IF YOU DID NOTHING MORE THAN GIVE EACH
OF YOUR PATIENTS THE NUTRI-SPEC FUNDAMENTAL DIET
ALONG WITH OXYGENIC B ...
you would achieve more as a clinical nutritionist than all
those ordinary "nutritionists" with their inane megadoses
of vitamins and their herbal drugs.
Remember, the essential purposes of your Nutri-Spec
Fundamental Diet are quite simple but are vitally
important:
1. To insure that each patient obtains adequate nutrient
intake (which requires the addition of Oxy B as a source
of trace minerals).
2. To help your patients achieve glycemic control --
since aberrations in sugar metabolism are a causative
factor in CVD, in cancer, in allergies, in depression and
anxiety, in fatigue, in PMS, and in nearly every other
symptom or condition you can name.
3. To avoid the highly toxic components of the common
diet -- most particularly vegetable oils and aspartame.

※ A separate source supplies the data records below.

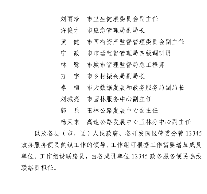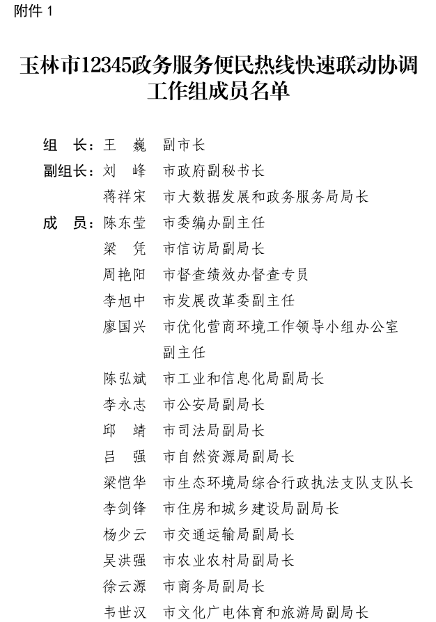 1.玉林市12345政务服务便民热线快速联动协调工作组成员名单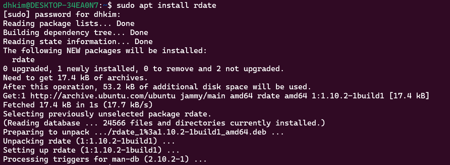 현재 시간 기준으로 Windows, Ubuntu의 시간이 모두 틀어진 상황이 발생했고 두 단계를 통해 문제를 해결해보았다. 먼저, 특정 인터넷 서버 시간과 동기화하여 컴퓨터 서버 시간을 현재 시간과 맞춰주었다. 그리고 동일한 방법으로 Ubuntu 내에서도 해당 서버와 동기화되도록 설정하여 상황을 해결할 수 있었다. 처음보는 상황이어서 문제를 해결하는데에 시간이 많이 들었지만, 다른 사람들은 이 내용을 참고해서 더 쉽게 상황을 해결할 수 있었으면 좋겠다.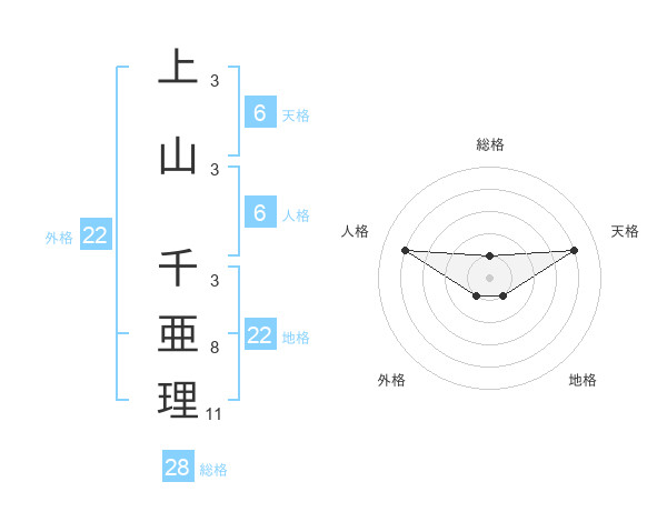 上山 千亜理さんの外格は22画の1点!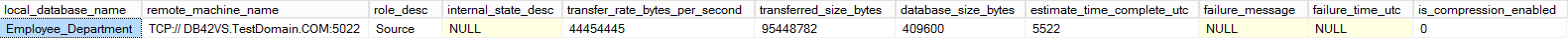 select local_database_name , remote_machine_name,role_desc ,internal_state_desc ,transfer_rate_bytes_per_second ,transferred_size_bytes ,database_size_bytes,estimate_time_complete_utc ,failure_message ,failure_time_utc, is_compression_enabled from sys.dm_hadr_physical_seeding_stats |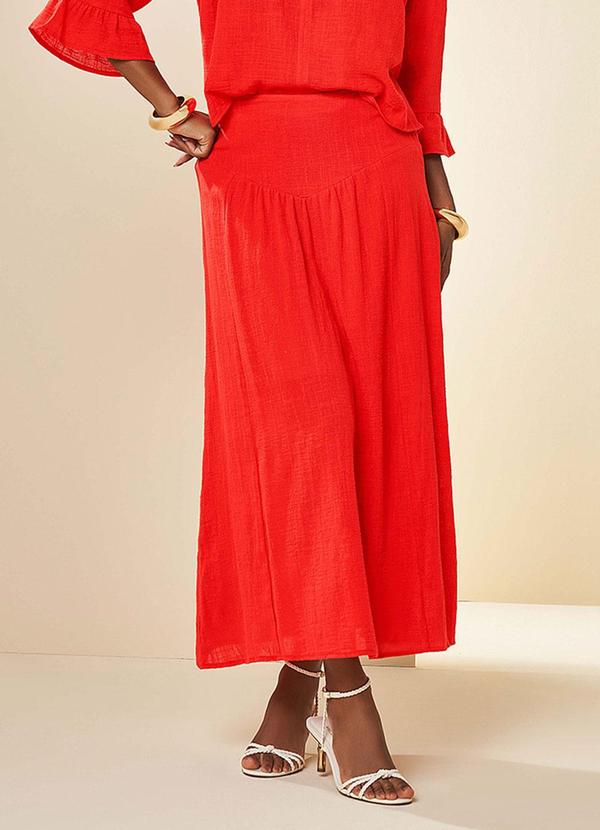 Doce Trama - Saia Longa Nature em Linho Vermelho
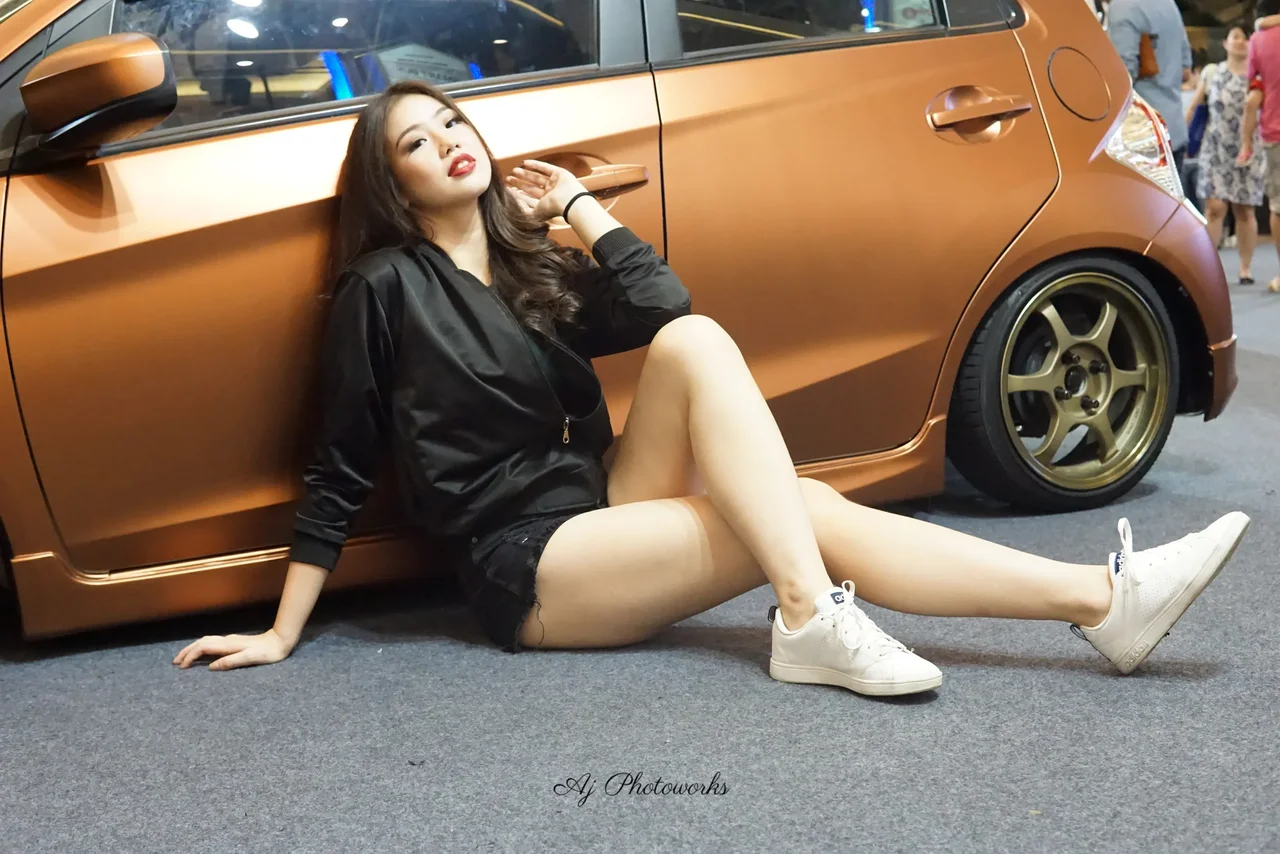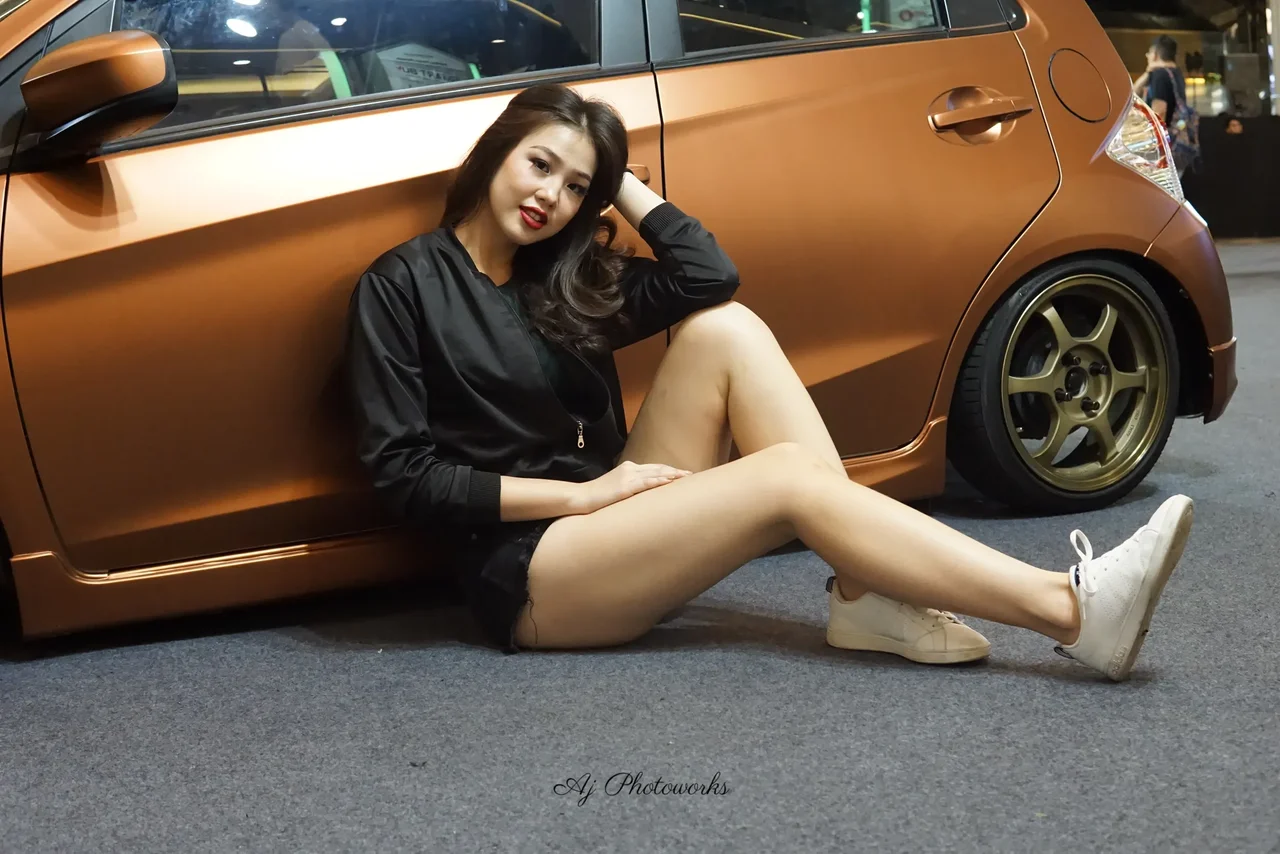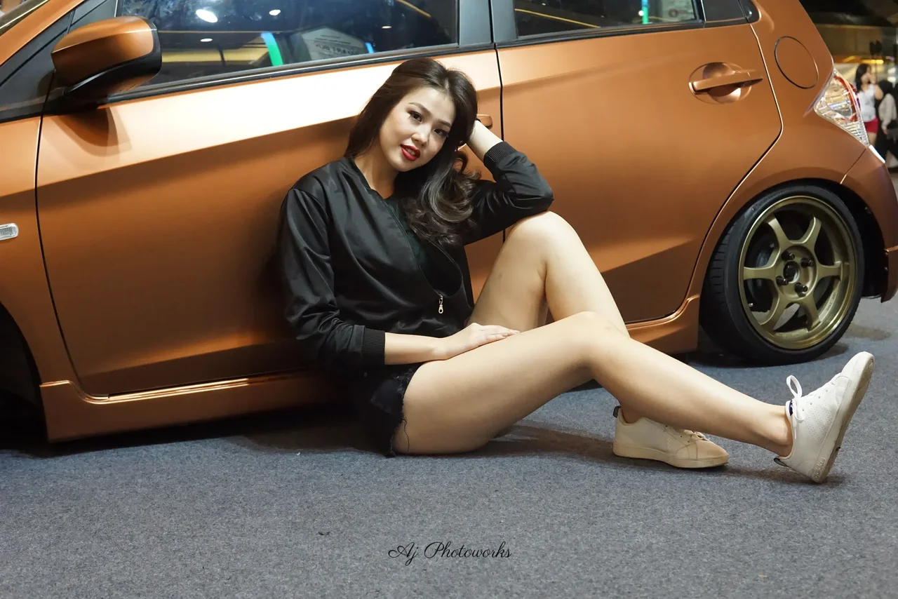 Elegance meets urban flair as the model reclines beside a vintage-inspired car, her confident pose contrasting the sleek, caramel-toned backdrop.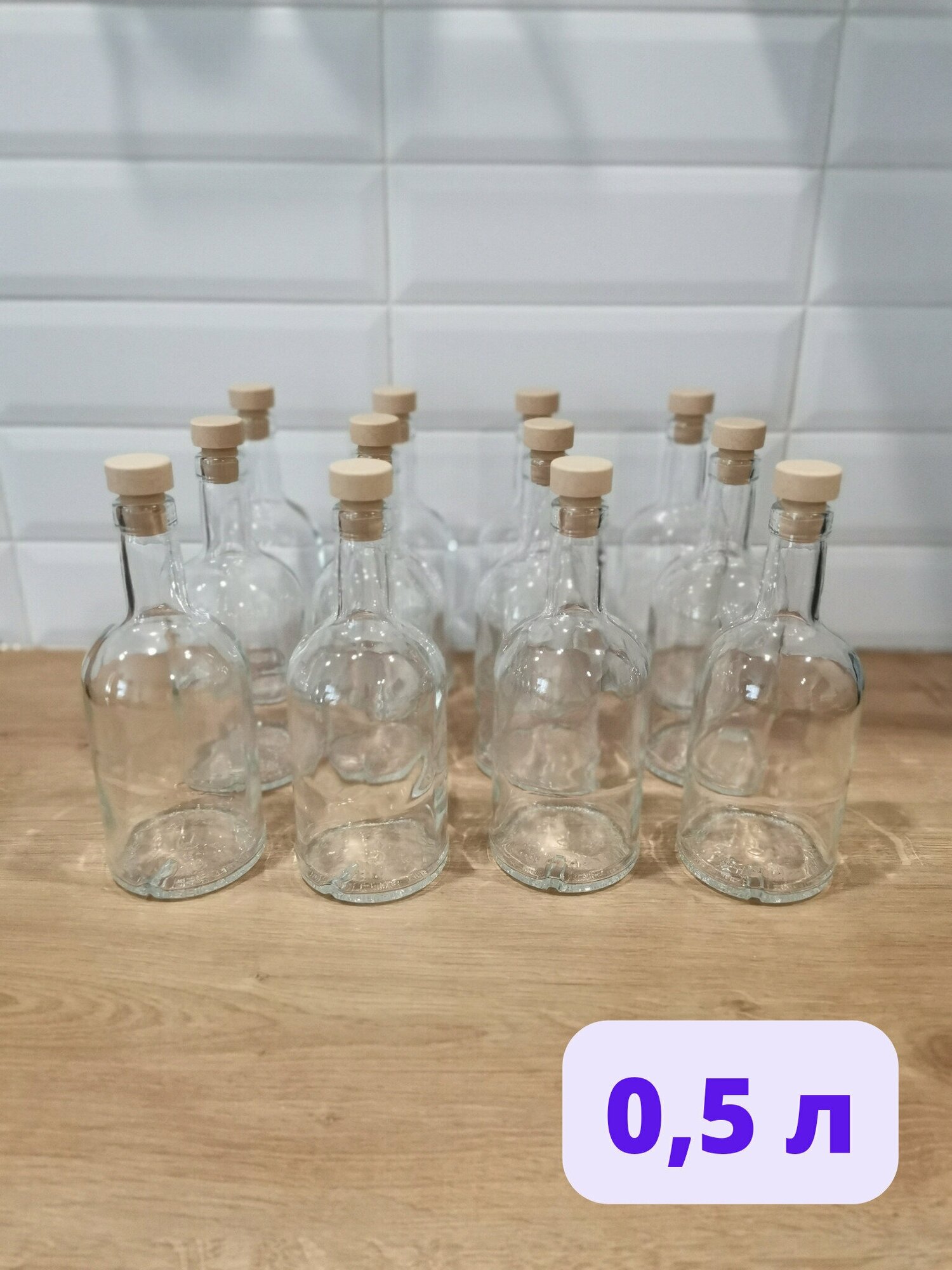 Отзывы на Бутылка стеклянная с пробками 0,5 л, набор 12 шт/ Бутыль для самогона, водки, настоек

Think of it -- these are the most critical dietary
considerations for every person, regardless of what their
symptomatic complaints may be. The Nutri-Spec Fundamental
Diet will eliminate primary causes associated with
virtually anyone's clinical complaints.
Yes, Nutri-Spec gives you the analysis and the high
biological activity supplements to go the giant step
- 2 -
further and specifically treat the metabolic imbalances
associated with each of your patient's symptoms, -- but
nothing is more fundamental than building your Nutri-Spec
practice on the solid foundation of the Nutri-Spec
Fundamental Diet.
In last month's Letter you read a case history about
a woman who on Nutri-Spec was able to lower her serum
triglycerides from 1375 to 137 -- an astounding clinical
response. (At the same time she regained all aspects of
functional health -- becoming mentally alert, physically
energized and reducing body fat to the level she enjoyed
20 years ago.) While it is true that the Nutri-Spec
supplements, applied with specificity, worked this
"miracle," it could never have been achieved without
gaining perfect compliance from the patient on the
Nutri-Spec Fundamental Diet.
To summarize what you have learned in these last two
letters:
1. The keystone of your fundamental diet (and the aspect
that assures that your patient achieves glycemic control)
involves eating three meals daily, each of which contains
several ounces of meat, fish, poultry, eggs, or dairy --
with a prescribed quantity of allowable carbohydrates in
proper proportion to the animal protein consumed. We are
quantifying the protein to carbohydrate ratio based on
ounces of animal foods, but you now understand that it is
more than the quantity of protein that is so critical in
these animal foods. It is more importantly the quantity
of saturated fat.
2. All polyunsaturated oils are damaging. They
accelerate the aging process; they particularly accelerate
aging of the brain and skin (with the production of
lipofuscin); they destroy liver function; they destroy
thyroid function; they potentiate the damaging effects of
excess estrogen and of excess cortisol and of insulin
resistance.
3. Saturated fats (including cholesterol) are some of our
most important nutrients. They are essential for the
development of infants (particularly the infant's brain),
and for hormone production, and for the preservation of
vitality throughout life, and for the delay of senescence.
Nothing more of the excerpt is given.